TASK TO CARRY OUT:
Nothing but an exact copy of the listing should appear in the response.

INFORMATION SHOWN:
Segment Open

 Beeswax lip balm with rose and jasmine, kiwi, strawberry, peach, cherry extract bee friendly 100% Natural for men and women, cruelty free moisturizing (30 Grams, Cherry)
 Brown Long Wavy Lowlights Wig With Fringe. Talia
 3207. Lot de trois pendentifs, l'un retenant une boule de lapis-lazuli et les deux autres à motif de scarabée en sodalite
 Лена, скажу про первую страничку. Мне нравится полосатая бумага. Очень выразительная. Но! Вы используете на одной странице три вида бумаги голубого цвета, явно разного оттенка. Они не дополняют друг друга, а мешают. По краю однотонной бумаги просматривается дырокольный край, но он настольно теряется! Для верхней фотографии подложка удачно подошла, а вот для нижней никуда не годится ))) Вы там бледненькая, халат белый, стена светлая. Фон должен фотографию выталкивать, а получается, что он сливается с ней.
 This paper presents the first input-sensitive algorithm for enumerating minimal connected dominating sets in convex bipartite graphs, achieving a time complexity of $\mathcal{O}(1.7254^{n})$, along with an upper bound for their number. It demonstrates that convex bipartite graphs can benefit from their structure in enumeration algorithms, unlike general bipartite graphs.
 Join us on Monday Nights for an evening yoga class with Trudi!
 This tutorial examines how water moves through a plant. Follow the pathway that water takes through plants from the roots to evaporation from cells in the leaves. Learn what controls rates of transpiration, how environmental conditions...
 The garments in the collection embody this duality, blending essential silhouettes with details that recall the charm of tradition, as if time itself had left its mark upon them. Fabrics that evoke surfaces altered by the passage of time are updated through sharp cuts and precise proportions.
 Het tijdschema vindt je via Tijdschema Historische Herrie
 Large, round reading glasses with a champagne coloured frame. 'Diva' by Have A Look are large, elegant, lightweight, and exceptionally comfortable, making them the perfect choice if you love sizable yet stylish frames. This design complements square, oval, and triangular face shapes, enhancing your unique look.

Segment Closed

OUTPUT OF THE EXERCISE:
 Beeswax lip balm with rose and jasmine, kiwi, strawberry, peach, cherry extract bee friendly 100% Natural for men and women, cruelty free moisturizing (30 Grams, Cherry)
 Brown Long Wavy Lowlights Wig With Fringe. Talia
 3207. Lot de trois pendentifs, l'un retenant une boule de lapis-lazuli et les deux autres à motif de scarabée en sodalite
 Лена, скажу про первую страничку. Мне нравится полосатая бумага. Очень выразительная. Но! Вы используете на одной странице три вида бумаги голубого цвета, явно разного оттенка. Они не дополняют друг друга, а мешают. По краю однотонной бумаги просматривается дырокольный край, но он настольно теряется! Для верхней фотографии подложка удачно подошла, а вот для нижней никуда не годится ))) Вы там бледненькая, халат белый, стена светлая. Фон должен фотографию выталкивать, а получается, что он сливается с ней.
 This paper presents the first input-sensitive algorithm for enumerating minimal connected dominating sets in convex bipartite graphs, achieving a time complexity of $\mathcal{O}(1.7254^{n})$, along with an upper bound for their number. It demonstrates that convex bipartite graphs can benefit from their structure in enumeration algorithms, unlike general bipartite graphs.
 Join us on Monday Nights for an evening yoga class with Trudi!
 This tutorial examines how water moves through a plant. Follow the pathway that water takes through plants from the roots to evaporation from cells in the leaves. Learn what controls rates of transpiration, how environmental conditions...
 The garments in the collection embody this duality, blending essential silhouettes with details that recall the charm of tradition, as if time itself had left its mark upon them. Fabrics that evoke surfaces altered by the passage of time are updated through sharp cuts and precise proportions.
 Het tijdschema vindt je via Tijdschema Historische Herrie
 Large, round reading glasses with a champagne coloured frame. 'Diva' by Have A Look are large, elegant, lightweight, and exceptionally comfortable, making them the perfect choice if you love sizable yet stylish frames. This design complements square, oval, and triangular face shapes, enhancing your unique look.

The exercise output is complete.